I know, two posts in one week! Alert the media! (Wait. Am I part of the media? I might be, tangentially, now that I think of it. Okay, consider me alerted.)
I had dental work today and I'm almost recovered from the meds I took this morning. I can't talk (ow) but it's raining and I'm drinking tea. I was supposed to record a podcast for TapGurlKnits, but it wouldn't be kind to anyone involved, including the listener. Holly Cole is playing on the stereo (tell me you love her, too) and I'm not being sad about Digit.
That's the thing.
I can't be sad about Digit. (See two posts below, if you're not sure what I mean.)
Here I would be drawn to insert that standard, expected apologetic clause (I know, he was just a cat, not like a person, not my child, but it still hurts, etc.) but I don't have to apologize to YOU, darling reader, because you are smart enough to know that sometimes animals are more important than people. Period.
That's not my point.
My point is that I do a weird thing with grief that I've beaten myself up over in the past, and it's not only time for me to let it go, but it's normal and it's worth writing about, in case you or someone else you know does it, too.
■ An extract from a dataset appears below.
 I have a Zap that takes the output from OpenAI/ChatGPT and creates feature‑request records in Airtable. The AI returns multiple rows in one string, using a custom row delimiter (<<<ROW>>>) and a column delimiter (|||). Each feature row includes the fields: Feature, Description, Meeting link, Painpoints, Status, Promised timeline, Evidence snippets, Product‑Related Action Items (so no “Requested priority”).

I go numb after someone I loves dies.
Not a little bit numb. A lot numb. I've teared up a couple of times, but I haven't cried since the day Digit died.
When my little mama died? I cried, yes, that day. I cried a lot that night. Then I went totally numb, and that terrifying feeling lasted for days. It broke at the funeral, and then it came back and lasted for not weeks but months.
It made me wonder if I'd actually loved her.
I thought I had. I thought I'd loved her more than anything. Why, then, could I talk about her death with nothing more in my heart than a vague unease? I made jokes. "My mother died, let me have the last piece of bacon." I could even think about her being dead, and I only felt a dull throb of cotton-padded nothing.
But this: it's normal. It's part of grief. It just IS. That's what I didn't know then.
The day after Digit died, Lala texted me to say she'd left a little treat for me in the freezer. I texted back, "IS IT DIGIT?" And I laughed about it (because come on, that's funny).
I laughed because I'd already moved firmly into the numbness.
I've been happy to realize that he was the one peeing over the lip of the cat box, requiring me to clean up after it constantly. I don't have to do that now! I'm pleased we won't have to buy the expensive cat food that I've shelled out for for more than a decade. When my mom died, there was more than a little part of me relieved that I'd never have to see her in a nursing home. (What is THAT?) And now there's a strange amount of relief that after I get through this loss, I won't have to go through it again (good god, I've already grieved this cat once. It's already annoying I have to do it again.)
And that's the problem. I'm goal-oriented. I would like to feel the pain now and move through it. I can handle pain. I know what to do with it. This numbness, as normal as it is? It's dumb. I hate it. I want to cry and I can't, and that pisses me off, almost as much as Digit used to when he would climb the leg of my jeans to get to my egg plate. (This morning, I had a second of feeling sad when I ate my eggs without him, and I leaned into. Maybe I'll cry now! But nope. I had nothin'.)
But hell. This is me accepting it. Accepting that I am NOT callous and mean and small-spirited and unable to love. Although it feels counterintuitive, this stubborn numbness is proof that I am the opposite.
I loved that jerk. And he knew it. Tears don't prove anything, but even with all this said, I'm looking forward to when I find them again.